Dec 17, 2021 07:15AM ET


By: AnalysisWatch


The dollar remained under pressure on Friday at the end of a week in which major central banks unveiled plans to scale back pandemic-era stimulus and the Bank of England surprised markets with a rate hike.


The Bank of England surprised the markets with an interest rate hike. The different paths they took underscored the great uncertainty about how the fast-spreading variant of the Omicron coronavirus will affect the global economy and the divergent views of central banks about a surge in inflation, which is harsh in the United States and the United Kingdom but less so in Europe and especially in Japan.


After a turbulent week, the dollar index rose 0.1% on the day to 96.104 but remained near the week's lows.
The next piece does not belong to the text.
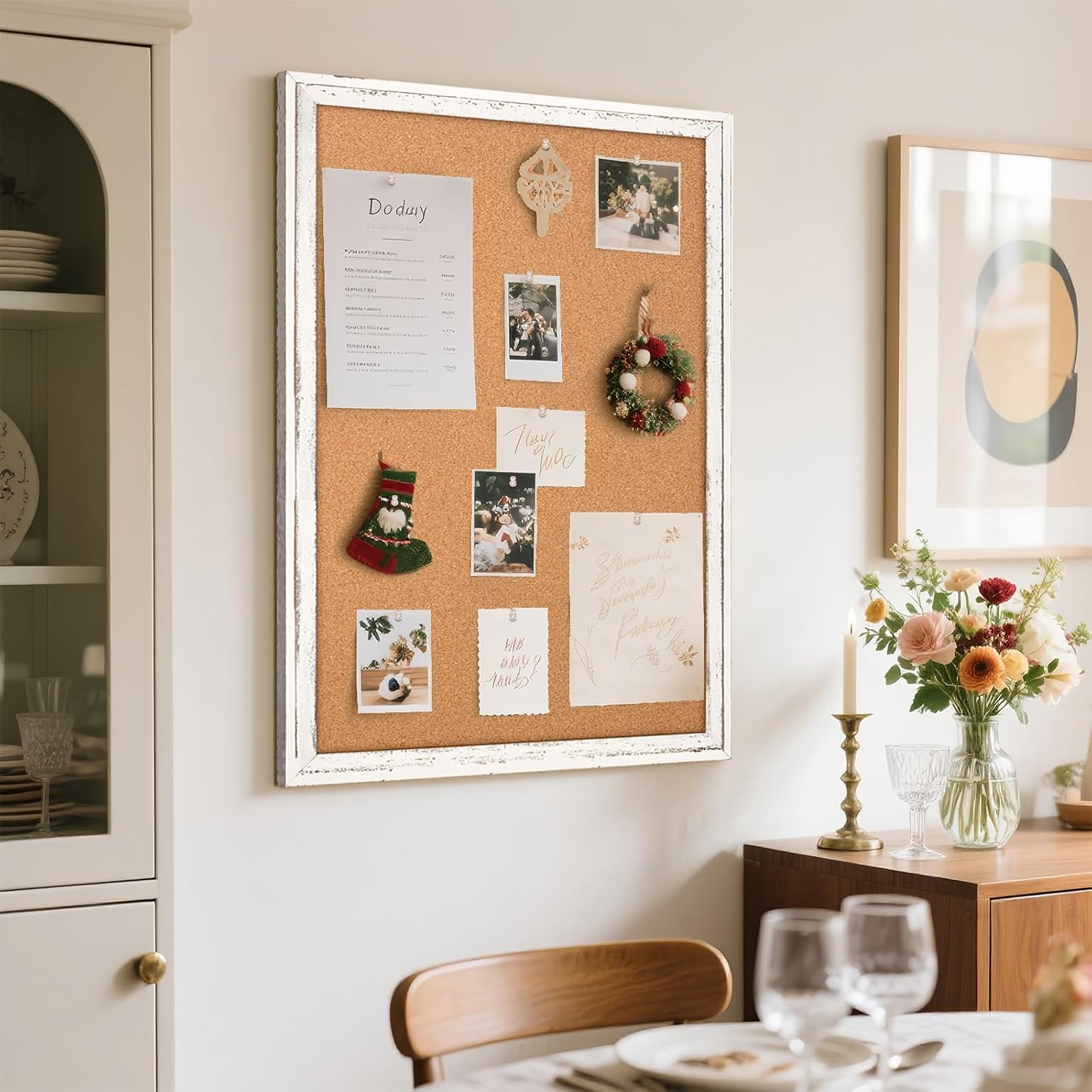 - 【Well-made Wooden Frame】Our white cork board features a precision-crafted frame, which is sturdy and durable. And the rustic white frame adds a touch of elegance to your space. The wooden frame has smooth edges to protect your hands from scratches

The euro and the pound eased slightly after gains in the previous two days, trading at $1.13160 and $1.32870, respectively.


The dollar index, which tracks the greenback against six other currencies, has lost almost 1 percent since it jumped on Wednesday after the US Federal Reserve announced it would end its bond purchases in March, paving the way for three rate hikes of a quarter of a percentage point each next year.


The Bank of England became the first G7 economy to raise interest rates since the pandemic on Thursday, while the European Central Bank announced the end of its emergency pandemic asset purchase program next March, though it promised substantial support for as long as needed through its long-standing asset purchase program.


The yen gained 0.2% to 113.485 yen after the Bank of Japan withdrew pandemic emergency funding on Friday but maintained its ultra-loose policy, underpinning expectations that it will remain among the most restrictive central banks.


The Swiss franc was broadly unchanged on the day at 0.91965, benefiting from Thursday's gains after the Swiss National Bank also maintained its ultra-loose monetary policy.